Por tanto, es razonable poner en cuestión las bondades del invento, o al menos su eficiencia en el ámbito empresarial. En este sentido, se uniría a otras iniciativas que muchas compañías llevan a cabo para mantener una cierta elevación del espíritu de sus empleados, iniciativas entre las que están las charlas de los coach, los talleres de empatía, los role plays, las sesiones de espiritismo zen, las ouijas motivacionales, los paintballs corporativos, etc. Hay verdaderos dinerales invertidos en todas estas actividades que a veces crean un impresionante contraste con el ambiente laboral cotidiano; así, existen empresas que compaginan frecuentes charlas sobre felicidad y bienestar con el mantenimiento de un día a día caracterizado por la extremosidad malencarada, tirante y brusca.

Al ver este contraste tan acusado, determinadas personas con el vicio de discurrir podrían pensar que la mejor manera de conseguir que el empleado deje de presentar cuadros de ansiedad o síntomas de depresión en grado sumo no es emprender un seguimiento de su angustia mediante la pulsera, sino dejar de provocarle angustia. Estresar a un empleado —o permitir que ese estrés se produzca— y después tratar de medir y erradicar el estrés con métodos paliativos a posteriori nos recuerda a aquel tío de los Hermanos Marx que inventó los macarrones rellenos de bicarbonato, que causaban y curaban la indigestión a la vez; o también nos trae a la memoria aquellas manifestaciones patrióticas que el franquismo alentaba durante los años cuarenta en los alrededores de la embajada del Reino Unido en Madrid, con motivo de la reivindicación del carácter español de Gibraltar; en una ocasión en que los ánimos estaban al rojo vivo en la embajada, el ministro de Gobernación llamó al embajador británico para ofrecerle sus servicios y enviar a algunos policías a controlar la situación, y el embajador contestó: «Se lo agradezco, señor ministro, pero no hace falta que nos manden policías; nos conformamos con que dejen de enviarnos manifestantes».

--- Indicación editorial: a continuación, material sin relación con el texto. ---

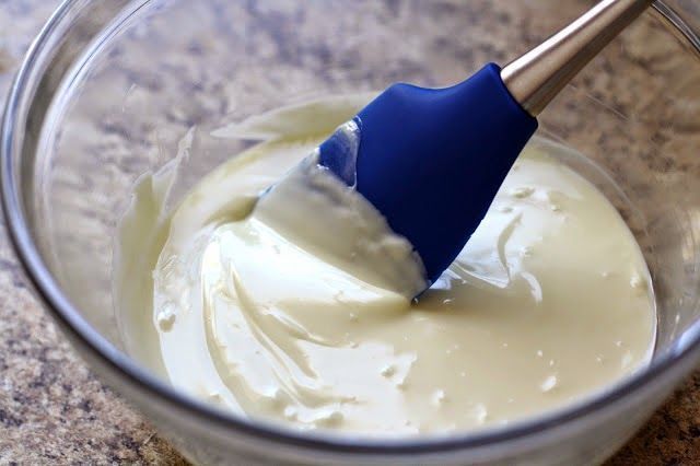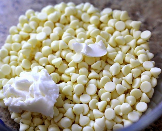 Βάζετε την λευκή σοκολάτα σε μπεν -μαρί μαζί με το βιτάμ και περιμένετε να λιώσει. Όσοι βαριέστε την διαδικασία στο μπεν-μαρι μπορείτε να βάλετε σε ένα γυάλινο μπολ τα υλικά και να το βάλετε στο φούρνο μικροκυμάτων για 1-2 λεπτά. Το μπεν-μαρι βέβαια είναι πιο υγιεινό.
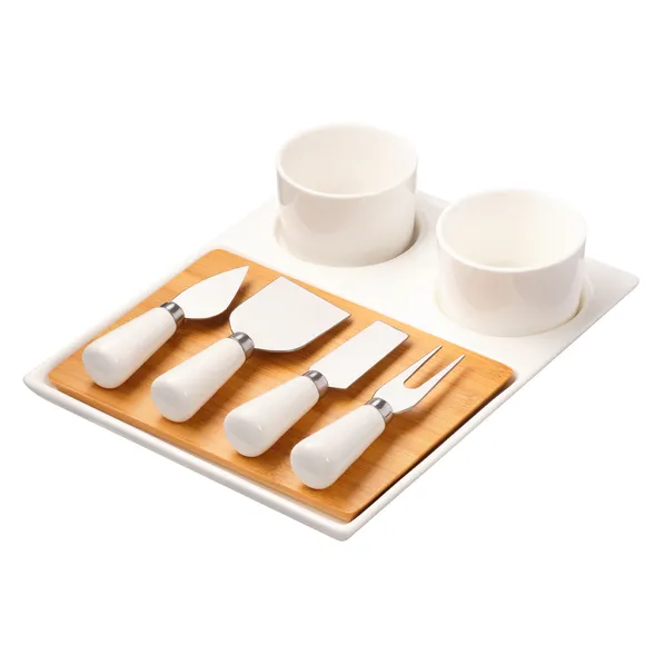 Набор подойдет для эстетичной сервировки и подачи любимых сыров или других закусок. Разные виды ножей помогут не смешать вкусы мягких свежих и твердых сыров. Соусницы идеально подойдут для меда или варенья. В набор вложена инструкция, благодаря которой легко разобраться в назначении каждого из ножей.
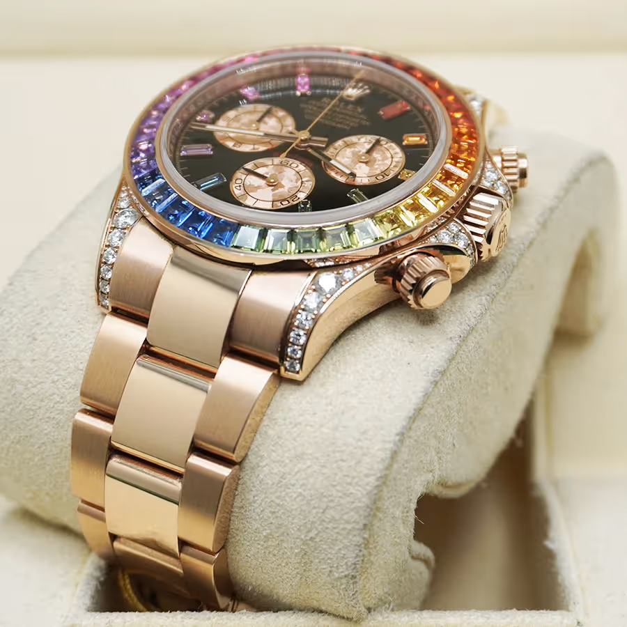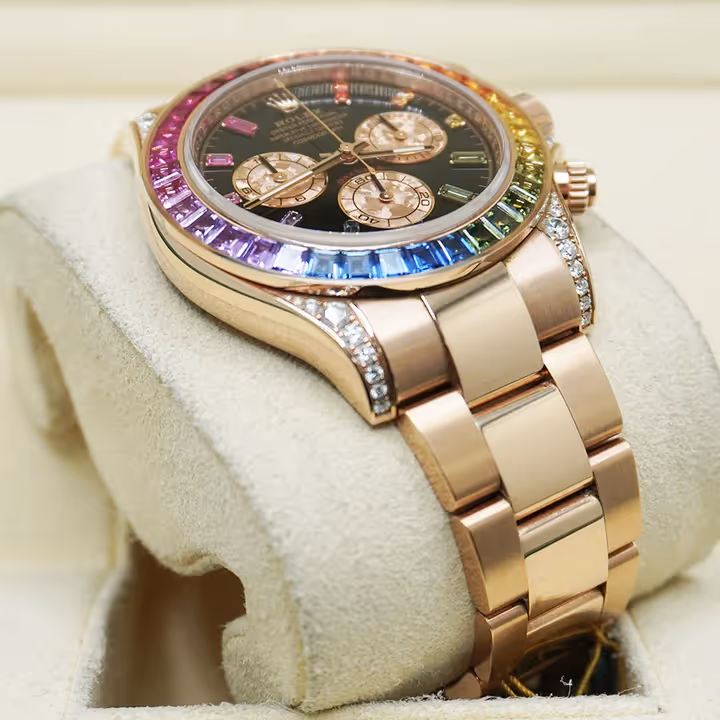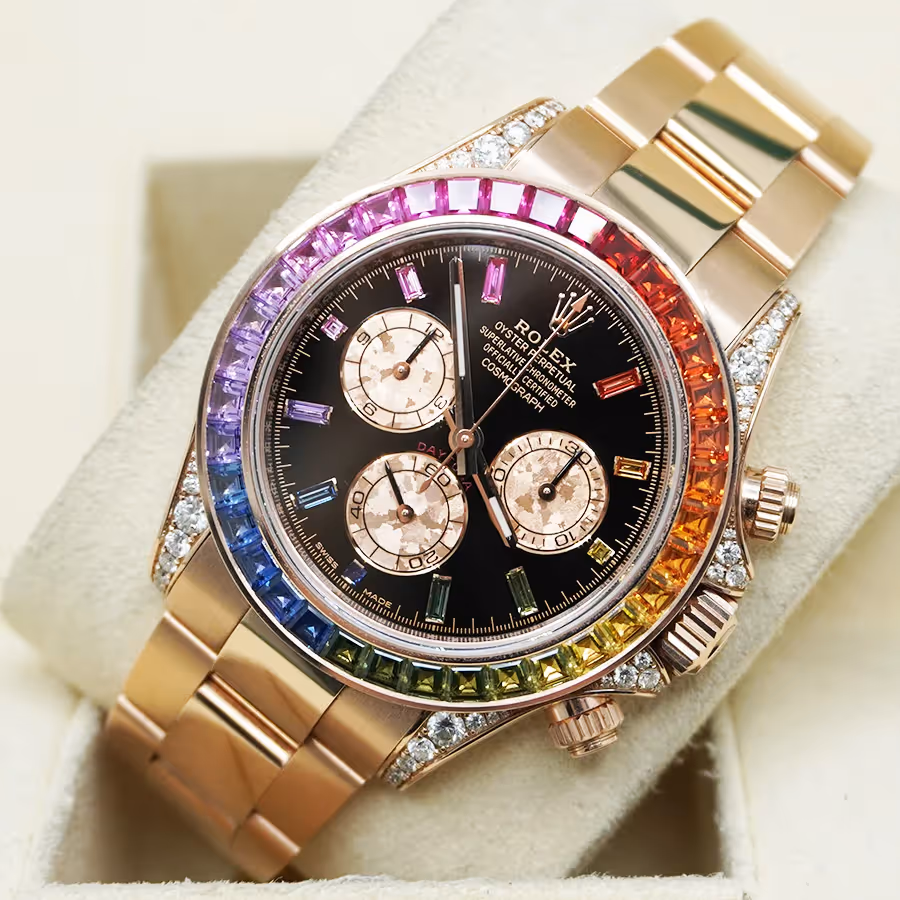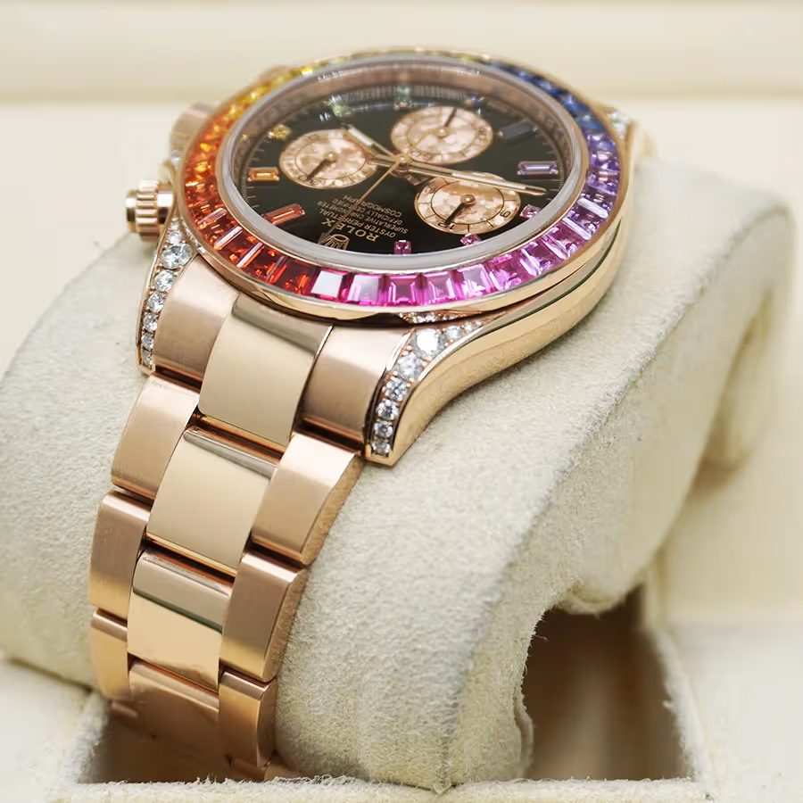 An exceptionally rare and vibrant Rolex Daytona crafted in precious metal, featuring a bezel set with a mesmerizing rainbow gradation of sapphires and diamond hour markers.
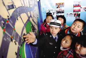 12月16日,青岛市交警支队警官在向同学们介绍校园周边交通运行模拟图。寒假临近,青岛市南区实验小学开展“平安交通迎假期”活动,通过参观122交通指挥中心、发放交通安全宣传手册、举行“交通安全在心中”征文等形式,增强同学们的交通安全意识。新华社记者 李紫恒 摄
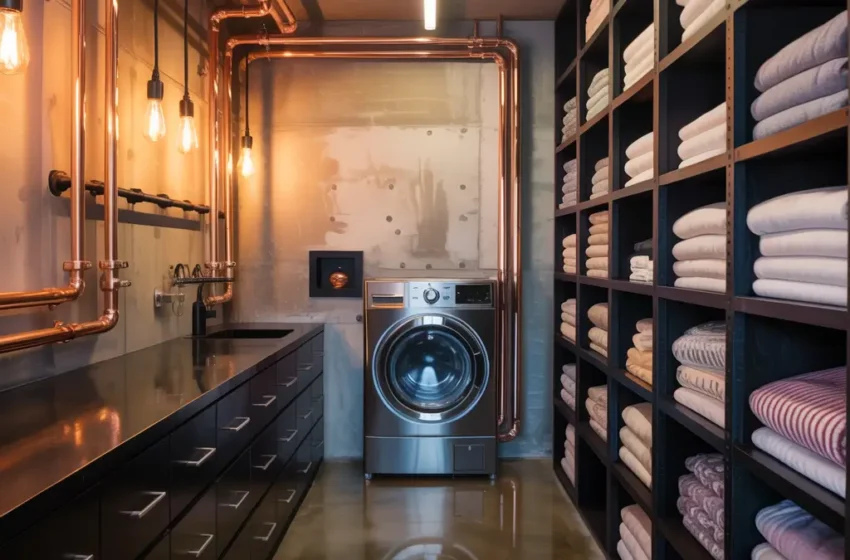 Industrial design brings urban edge to even the tiniest laundry nook. Black iron pipes and reclaimed wood create sturdy, stylish storage that looks like it means business.

Hay una probabilidad razonable de que el estrés de una persona no aparezca si no se dan los motivos que lo provocan. Es una idea. Pero parece una más de esas ideas descabelladas que se descartan a la primera, y es posible que lo que cuaje es la idea de la pulsera, así que prepárense para llevarla y darle al botón. La gran paradoja definitiva sería que un empleado feliz, responsable y pacífico empezara a estresarse de repente por el hecho de llevar la pulsera, y tuviese que ponerse en la tesitura de darle al botón azul, el de la tristeza, por culpa del Moodbeam. Y todo podría llegar a la perfección si el empleado recién estresado decidiera finalmente pulsar el amarillo, que es el botón que manifiesta felicidad, para no decepcionar a la empresa. El empleado, que se había despertado esa mañana en medio de la más pletórica felicidad, se acostaría esa misma noche bajo el tormento creado por el influjo de Moodbeam. El empleado modélico, tumbado boca arriba en la penumbra de su cuarto, mirando fijamente al techo, evaluaría la enorme decepción provocada por su conducta y contemplaría por primera vez en su vida la posibilidad del suicidio.